Benutzer, welche sich diesen Thread anschauen:

@hyperman

da gebe ich dir recht :)

buffy zeigt ja im Grunde kein Blut aber ich würde schätzen dass man heutzutage die Serie eher 22.15 als zur primetime ausstrahlen würde.
 
Zuletzt bearbeitet:
vor allem gabs zu der zeit damals diese kontinuierlichen Handlungsstränge nicht. keinerlei Charakterentwicklung. Alles Episodisch. Das hat Buffy quasi eingeführt auf dem level das wir heute kennen.
 
Und endlich mal eine Blondine die nicht schreiend weg rennt oder nach 5 min on Screen time tot ist sondern den Vampiren und Dämonen ordentlich auf die fresse gibt :D

Das War auch neu.
 
Und was ist mit Akte X?
obwohl ich nur wenige folgen akte x als jugendlicher gesehen habe denke ich schon dass es was anderes ist wenn 2 erwachsene gegen aliens kämpfen oder wenn es high school kids sind die dämonen und vampire killen.

buffy hat halt den charme eines teeniefilms mit viel humor gepaart ohne, und das ist meine meinung, lächelrich zu wirken.

aber korrigiere mich gerne was akte x angeht :)
 
Serien laufen halt oftmals gleich ab: Man hat einen guten Plot für die erste Staffel. Hat sie keinen Erfolg, bleibt die Geschichte einfach unvollendet. Who cares. Hat sie Erfolg, wird natürlich weiterproduziert. Und das möglichst schnell. Plotlöcher tuen sich auf, Hauptdarsteller haben keine Lust mehr/wollen zu viel Geld und werden aus der Serie gestrichen. In der nächsten Staffel kommen sie dann wieder zurück, da sie mit ihren Filmprojekten etc. selbstverständlich keinen Erfolg hatten. Antagonisten zu Beginn der Serien werden fast immer zu Partnern der „Guten“ oder haben keinen Einfluss mehr auf die Geschichte, da sie durch noch viel krassere Bösewichte abgelöst wurden, gefolgt von noch durchtriebenere Bad Guys etc.
Ach ja: Habe ich schon gesagt, dass am Ende die Auflösung meistens enttäuscht? In Staffel 1 sind halt noch ganz andere Punkte spannend/wichtig als in Staffel 9.
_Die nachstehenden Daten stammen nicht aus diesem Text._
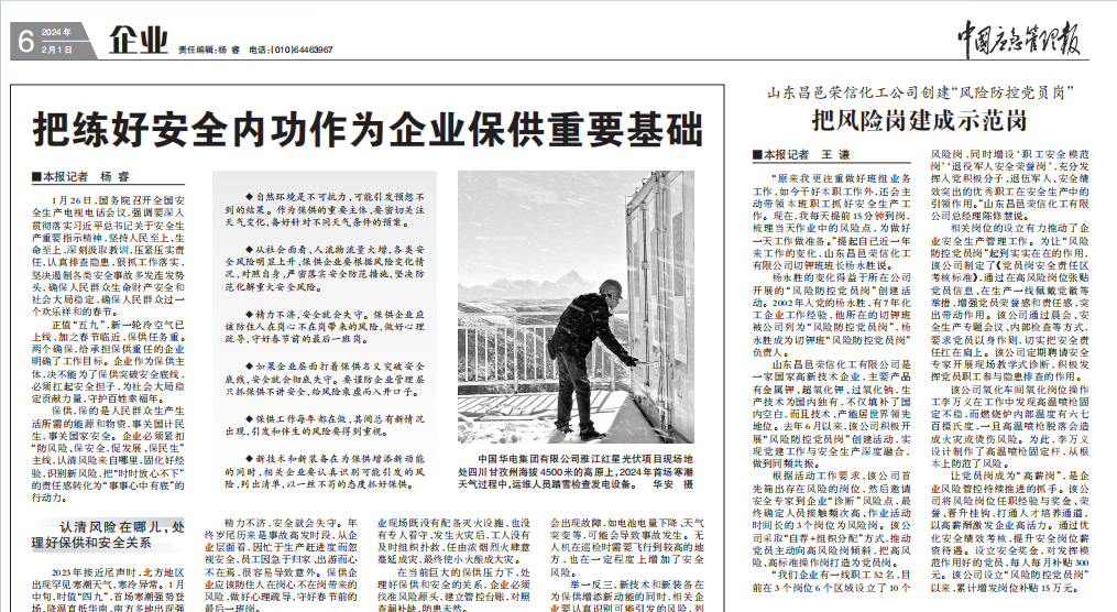 陈修慧总经理认真落实上级有关安全生产工作的要求,坚持把安全生产工作摆在了与业务工作同等重要的位置,把安全作为推进企业发展的重要举措来抓。把“党建引领、文化赋能、情怀助力、知识固本”作为公司安全管理的指导思想;真正做到了主要负责人亲自挂帅指挥,管理者全力组织实施的效果,实现了安全生产“零”事故的目标。结合公司实际设立了“风险防控党员岗”,充分发挥安全示范岗的引领、带动作用,不断增强党员创先争优意识,营造比学赶帮超的浓厚氛围,彰显“一个党员一盏明灯,一个岗位一份安全”的模范作用,并在2024年2月1日,被中国应急管理报进行专项宣传报道。
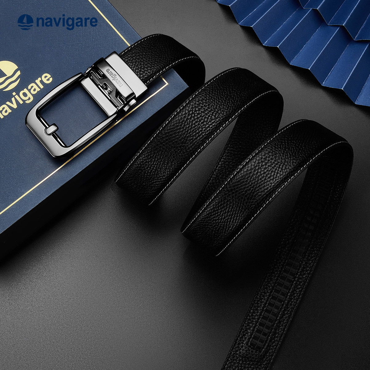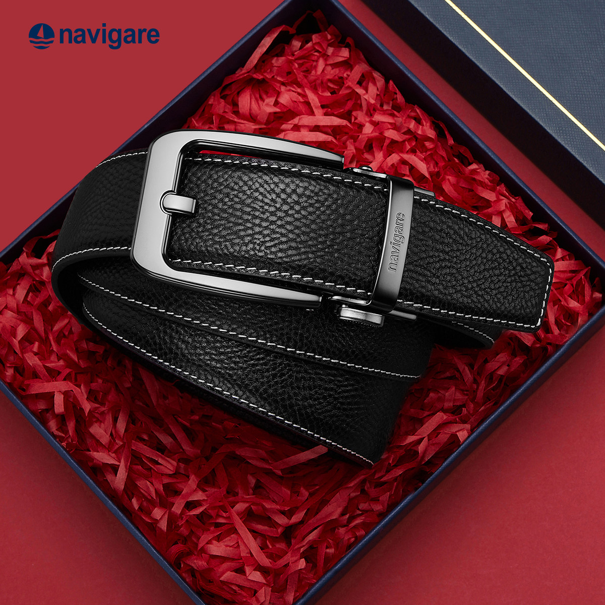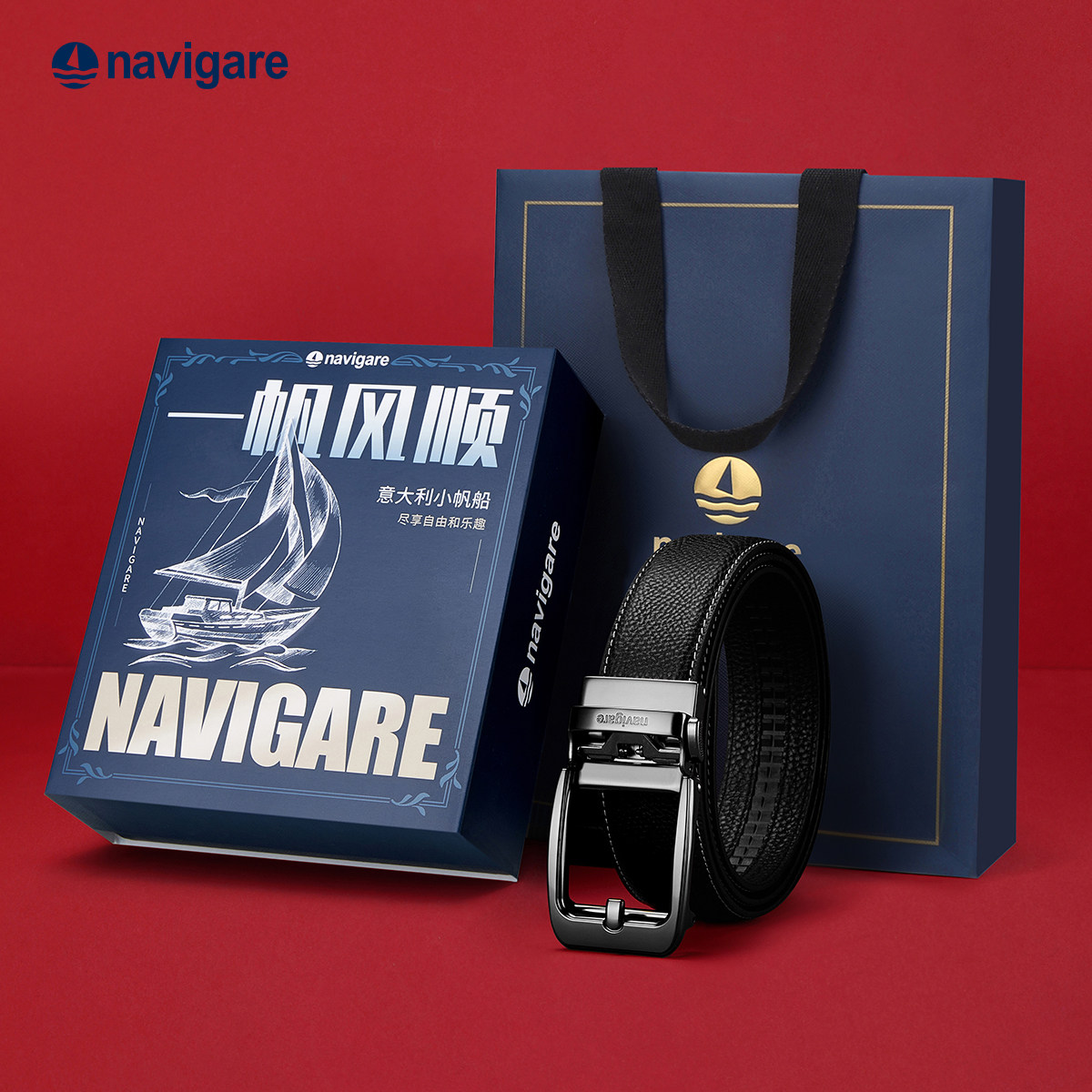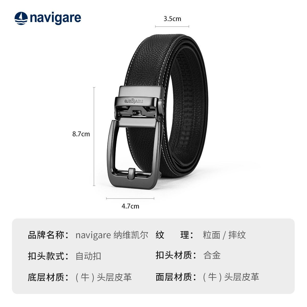Navigare纳维凯尔意大利小帆船男真皮腰带自动扣男士头层牛皮皮带

Dann empfehle ich dir, es mal mit einer Mini-Serie (eine einzige Staffel mit abgeschlossener Handlung) oder mit einer Anthologie-Serie (mehrere Staffeln, aber abgeschlossene, voneinander unanhhängige Handlung) zu versuchen.
Wie z.B. True Detective, Fargo, Top of the Lake etc.

Da hast du all die von dir aufgezählten Kritikpunkte nicht, dafür quasi einen XXL Spielfilm, der sich viel mehr Zeit insbesondere für die Ausarbeitung der Charaktere nehmen kann, als es ein normaler Film je könnte.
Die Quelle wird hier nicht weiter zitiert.